# Specific Sad music recs?



## Joris (Jan 13, 2013)

Hi I'm looking for sad music which is almost beyond sad, like finding solace (or better: rest) in inconsolability, so to speak

The perfect example would be 'Schlummert ein...' from BWV82

And Couperin - Les Barricades Myserieuses sounds like a plastic bag floating desolate in the wind

Any ideas?

Kind regards and hoping my question is not too eccentric,
Joris


----------



## GGluek (Dec 11, 2011)

Le Gibet from Gaspard de la Nuit.


----------



## Weston (Jul 11, 2008)

That's odd. Those pieces don't necessarily feel sad to me. Contemplative maybe.

For me this is beyond sad. When I'm sad I like to wallow in it.
Khachaturian - Gayane's Adagio
(Perhaps not the best version, but I was trying to avoid all the 2001: a space odyssey references.)

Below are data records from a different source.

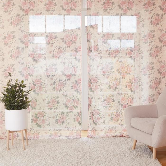 Штора тюлевая «Этель» 250×270 см Цветочная композиция без утяжелителя, 100% п/э
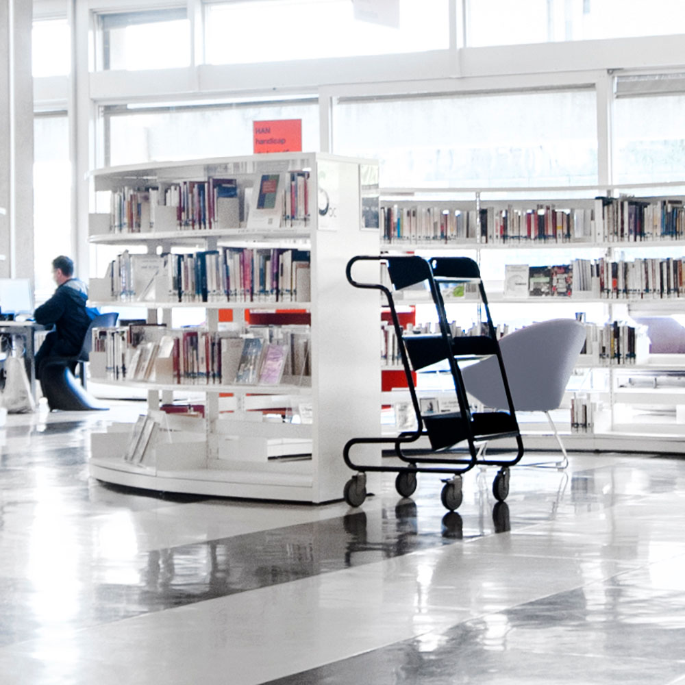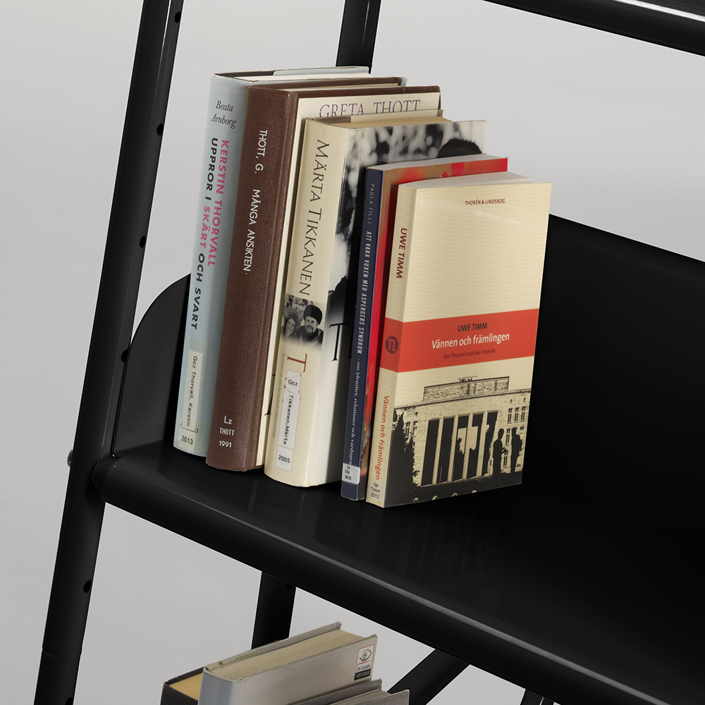 The angle of the trolley ensures safe media storage and also provide a good overview of the books you want to handle.
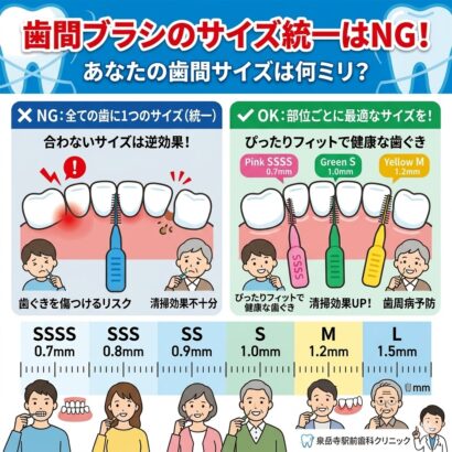 無理に合わないサイズを使用すると、清掃効果が不十分で磨き残しが生じるだけでなく、歯ぐきを傷つけたり、将来的な「歯ぐき下がり(歯肉退縮)」を招くリスクがあります。これまで500本以上のコラムを通じてお口の健康情報を発信してきた泉岳寺駅前歯科クリニックでは、膨大な臨床知見に基づき、患者様一人ひとりの口腔環境に合わせた「精密なサイズ選定」と部位ごとの使い分けを提唱しています。
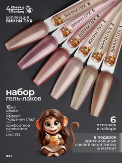 Гель лак кошачий глаз Винни Пух - Набор 6 шт
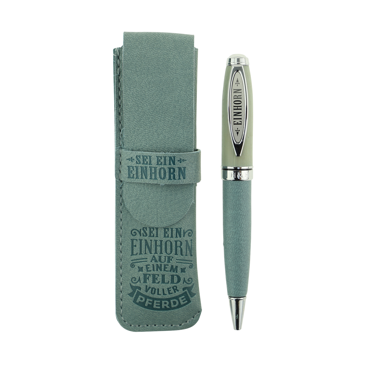 Bamboo Persönlicher Kuli Kugelschreiber Stift mit Namen o. Spruch Personalisiertes Etui Monogramm-Design persönliches Geschenk (Kuli Einhorn)
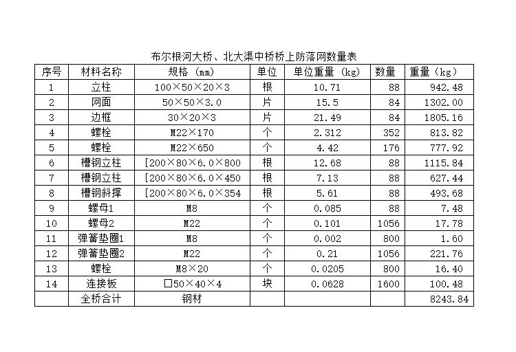 1.本图尺寸除注明外其余均以毫米为单位。2.立柱安装在桥梁护栏座上,用预埋螺栓加以固定。3.立柱采用冷弯内卷边槽钢,其质量应符合GB/6723-86。4.桥梁护网采用40x4mm镀锌扁钢进行防雷接地处理,镀锌扁钢与防落物网、波形梁护栏立柱、面板接触位置应绝缘处理,镀锌扁钢埋入地面线以下,其接地电阻应≥10欧姆。5.本图护栏形式仅为示意,施工时应根据钢护栏适当调整,顺适钢护栏外轮廓线型。6.立柱采用冷弯内卷边槽钢20*50*100*3.0mm;边框采用方管50*3.0mm;网片焊接网50*50*3.0mm。
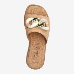 - Loafer style jewelry application in oversized chain look, natural cork footbed for cushioning and comfort, breathable, statement look.
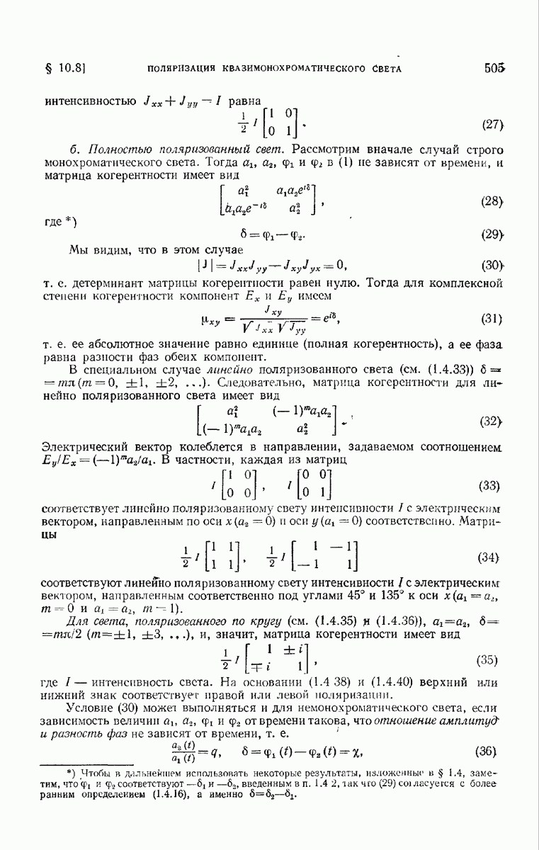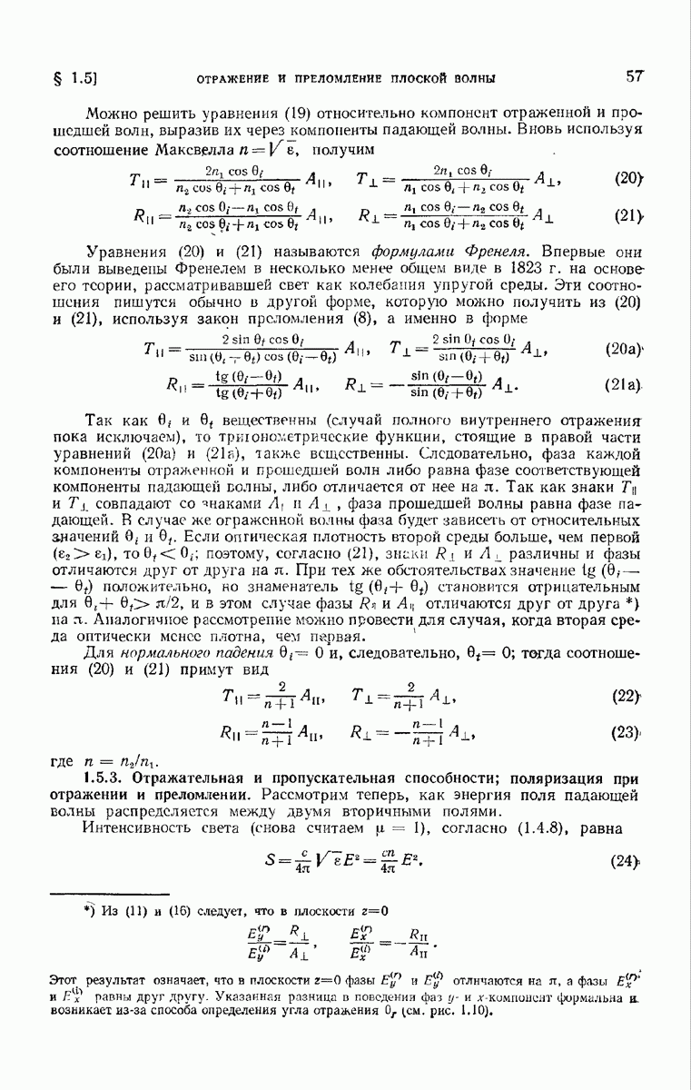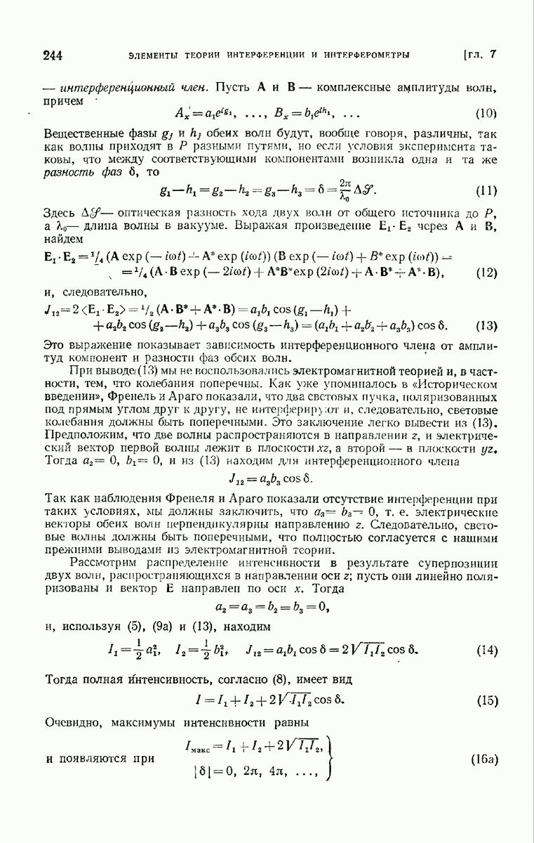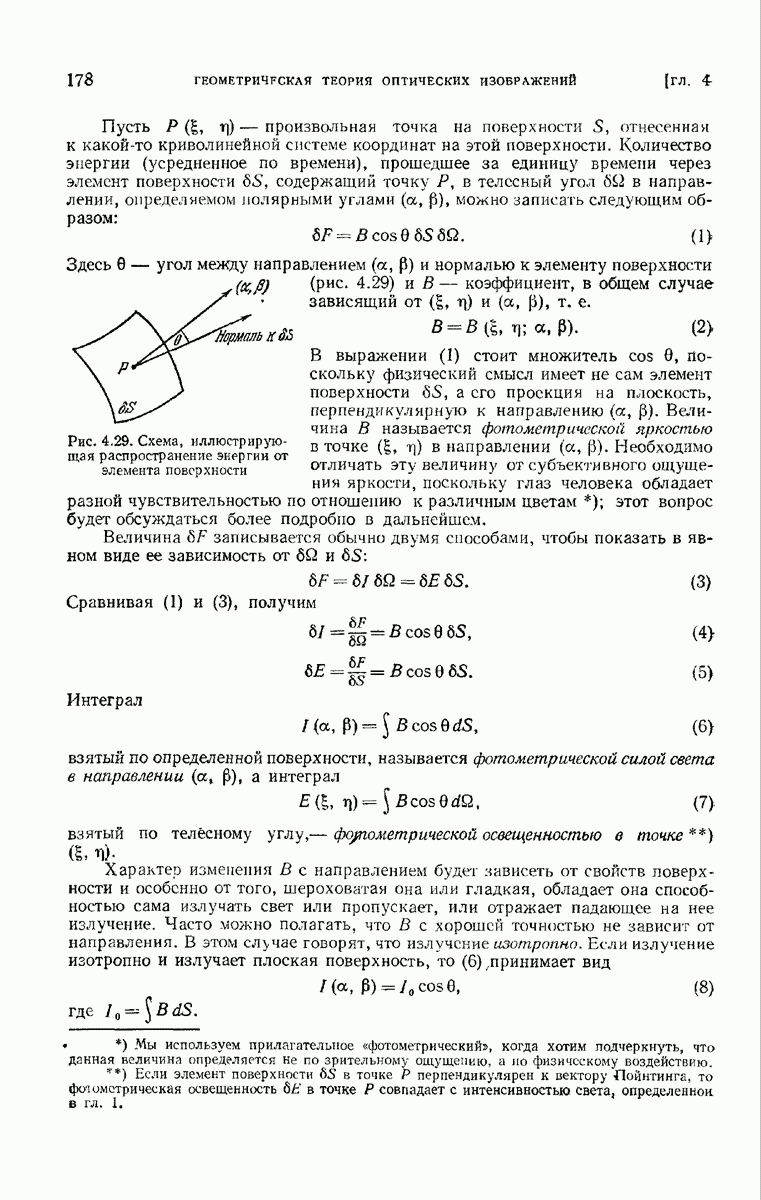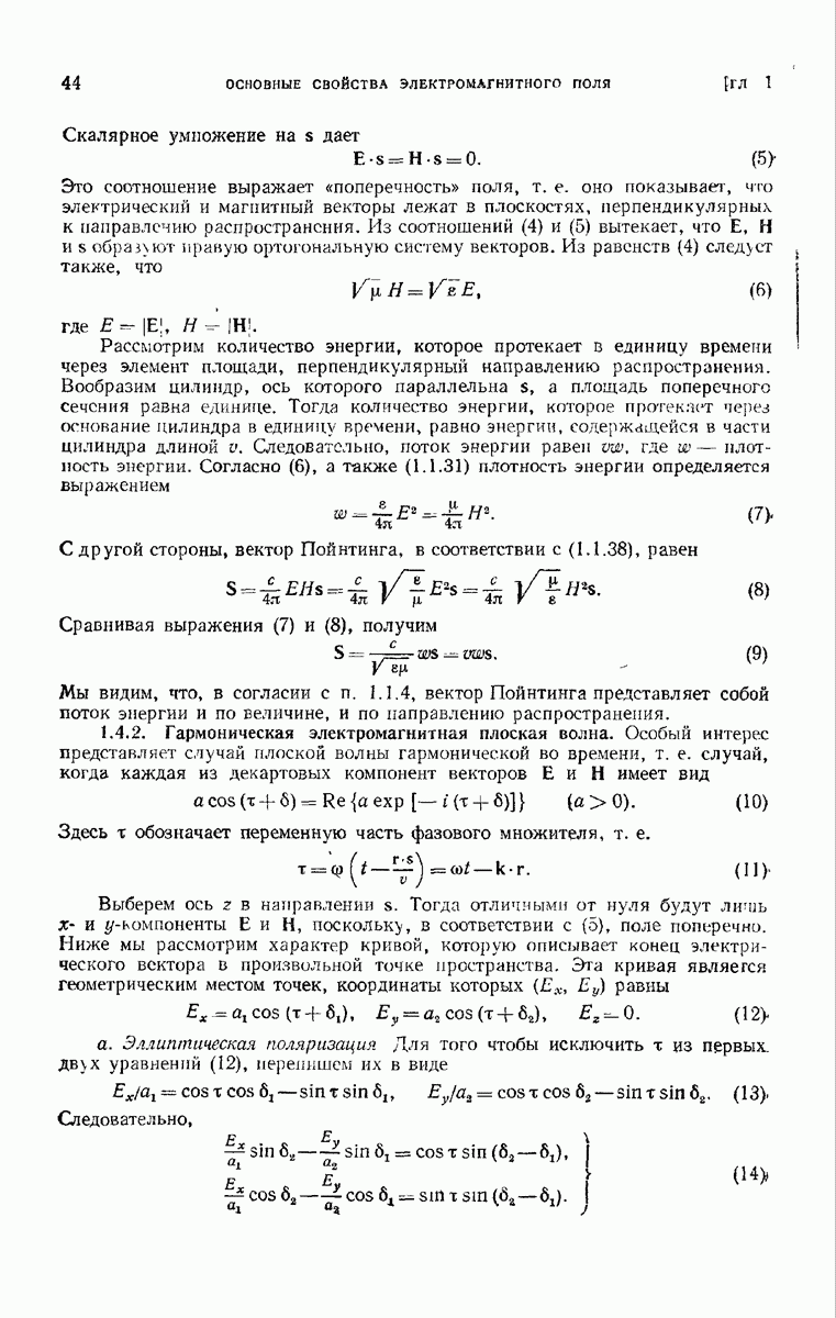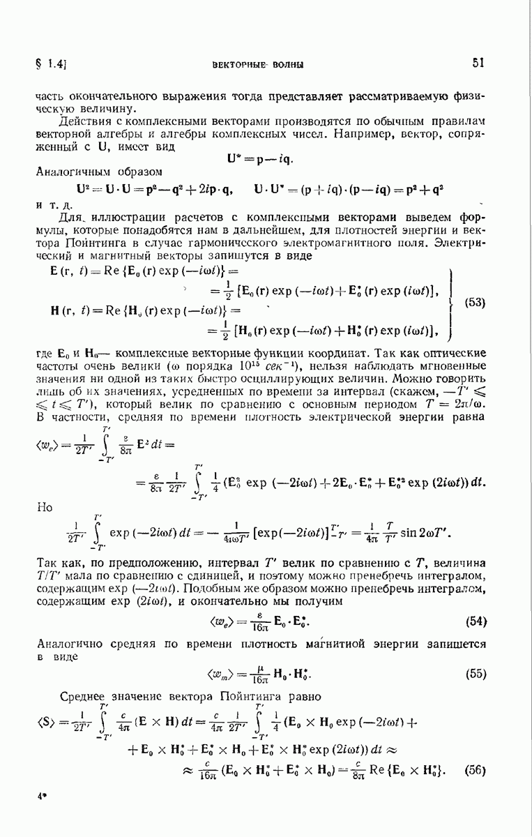 измеряются не мгновенные значения этих величин, а лишь значения, усредненные по времени в интервале, большом по сравнению с периодом световых колебаний. Более того, обычно имеют дело с естественным светом, где в наблюдаемом (макроскопическом) поле нет преимущественных направлений поляризации. В этом случае первостепенное значение имеет интенсивность I, уже определенная в п. 1.1.4 как средняя повремени энергия, протекающая в единицу времени через единицу площади, содержащую электрический и магнитный векторы, т. е.

And of course the Vaughan-Williams _Fantasia on a Theme by Thomas Tallis_ probably goes without saying.


----------



## ahammel (Oct 10, 2012)

Strauss, _Vier Letzte Leider_.


----------



## Norse (May 10, 2010)




----------



## mstar (Aug 14, 2013)

Joris said:


> Hi I'm looking for sad music which is almost beyond sad, like finding solace (or better: rest) in inconsolability, so to speak
> 
> The perfect example would be 'Schlummert ein...' from BWV82
> 
> ...


Search through some of Liszt's later Transcendental Etudes and even some Pilgrimages. I personally prefer Bolet playing them.


----------



## norman bates (Aug 18, 2010)

Peter Warlock - The curlew


----------



## Art Rock (Nov 28, 2009)

Mahler - Kindertotenlieder and Das Lied von der Erde (Abschied).


----------



## Simon Moon (Oct 10, 2013)

A few off the top of my head:

Samuel Barber - Adagio for Strings
Penderecki - Threnody for the Victims of Hiroshima
Shostakovitch - Symphonies 10, 13, 15 come to mind
Bartok - 6th String Quartet
Rautavaara - Cantus Arcticus


----------



## Blancrocher (Jul 6, 2013)

I suppose I don't find La Traviata "beyond" sad--just unspeakably sad. Schubert's Fantasia in F minor for 4 hands might be the kind of thing you're looking for.


----------